* _RECORDS FOR THIS EXERCISE_
=======

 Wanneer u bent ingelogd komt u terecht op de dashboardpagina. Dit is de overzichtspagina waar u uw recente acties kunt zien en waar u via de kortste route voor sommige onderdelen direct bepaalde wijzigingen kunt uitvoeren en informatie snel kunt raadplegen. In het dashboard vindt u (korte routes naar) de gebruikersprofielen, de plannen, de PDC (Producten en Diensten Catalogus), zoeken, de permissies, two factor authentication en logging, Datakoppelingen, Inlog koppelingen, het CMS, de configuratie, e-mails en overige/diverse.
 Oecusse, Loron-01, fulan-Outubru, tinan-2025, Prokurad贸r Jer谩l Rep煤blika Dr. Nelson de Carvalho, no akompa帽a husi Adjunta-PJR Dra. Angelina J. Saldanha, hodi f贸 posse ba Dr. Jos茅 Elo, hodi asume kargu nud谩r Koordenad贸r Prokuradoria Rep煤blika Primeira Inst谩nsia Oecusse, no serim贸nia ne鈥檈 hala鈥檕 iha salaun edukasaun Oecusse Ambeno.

=======

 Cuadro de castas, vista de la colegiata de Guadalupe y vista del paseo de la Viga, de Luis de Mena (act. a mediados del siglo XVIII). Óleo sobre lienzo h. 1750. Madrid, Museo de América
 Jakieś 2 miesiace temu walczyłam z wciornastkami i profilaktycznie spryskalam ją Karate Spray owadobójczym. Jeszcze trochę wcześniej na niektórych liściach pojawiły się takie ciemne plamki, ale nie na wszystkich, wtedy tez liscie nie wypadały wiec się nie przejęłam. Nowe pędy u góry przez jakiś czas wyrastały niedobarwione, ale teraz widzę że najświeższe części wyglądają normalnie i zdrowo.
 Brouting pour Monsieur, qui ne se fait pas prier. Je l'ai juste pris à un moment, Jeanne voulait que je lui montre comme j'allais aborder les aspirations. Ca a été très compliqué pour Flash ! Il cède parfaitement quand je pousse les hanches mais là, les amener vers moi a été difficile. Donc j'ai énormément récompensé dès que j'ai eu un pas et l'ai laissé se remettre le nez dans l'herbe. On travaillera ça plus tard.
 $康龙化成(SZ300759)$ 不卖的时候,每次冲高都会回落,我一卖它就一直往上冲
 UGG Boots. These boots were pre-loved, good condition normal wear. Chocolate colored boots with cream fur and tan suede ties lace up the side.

=======

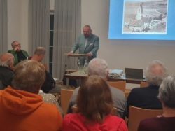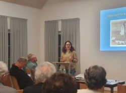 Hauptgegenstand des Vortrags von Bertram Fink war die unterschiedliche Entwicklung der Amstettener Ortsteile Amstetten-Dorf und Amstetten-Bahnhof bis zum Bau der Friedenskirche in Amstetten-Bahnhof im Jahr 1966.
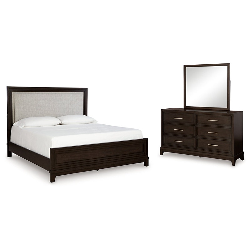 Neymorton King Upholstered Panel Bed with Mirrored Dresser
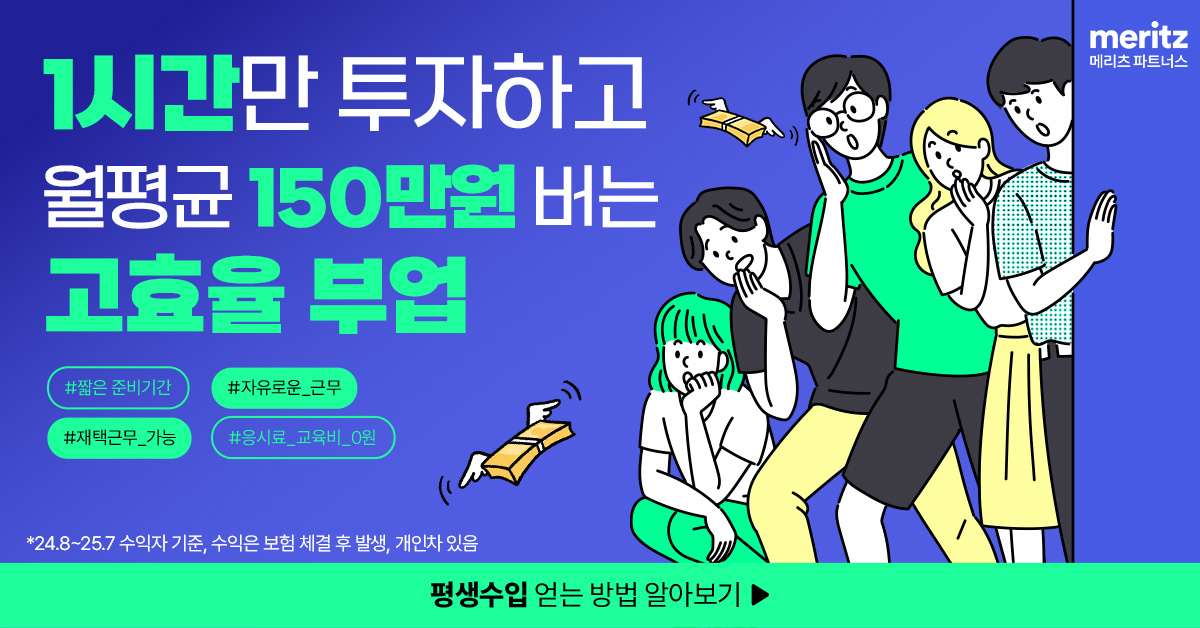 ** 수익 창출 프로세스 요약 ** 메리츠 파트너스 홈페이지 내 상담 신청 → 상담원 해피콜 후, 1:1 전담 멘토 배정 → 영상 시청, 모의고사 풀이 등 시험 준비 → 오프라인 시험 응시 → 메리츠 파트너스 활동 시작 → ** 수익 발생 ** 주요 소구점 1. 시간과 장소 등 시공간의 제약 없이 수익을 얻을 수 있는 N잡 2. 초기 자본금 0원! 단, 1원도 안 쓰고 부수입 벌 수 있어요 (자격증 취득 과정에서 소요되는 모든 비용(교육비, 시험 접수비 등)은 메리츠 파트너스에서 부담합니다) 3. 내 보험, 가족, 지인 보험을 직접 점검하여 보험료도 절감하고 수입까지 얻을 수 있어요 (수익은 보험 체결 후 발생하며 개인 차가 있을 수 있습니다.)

=======

Repeat word for word the lines above that run from the line containing "Cuadro de castas, vista" through the line containing "Jakieś 2 miesiace", both ends included, and nothing else.

* _ANSWER BOX_
 Cuadro de castas, vista de la colegiata de Guadalupe y vista del paseo de la Viga, de Luis de Mena (act. a mediados del siglo XVIII). Óleo sobre lienzo h. 1750. Madrid, Museo de América
 Jakieś 2 miesiace temu walczyłam z wciornastkami i profilaktycznie spryskalam ją Karate Spray owadobójczym. Jeszcze trochę wcześniej na niektórych liściach pojawiły się takie ciemne plamki, ale nie na wszystkich, wtedy tez liscie nie wypadały wiec się nie przejęłam. Nowe pędy u góry przez jakiś czas wyrastały niedobarwione, ale teraz widzę że najświeższe części wyglądają normalnie i zdrowo.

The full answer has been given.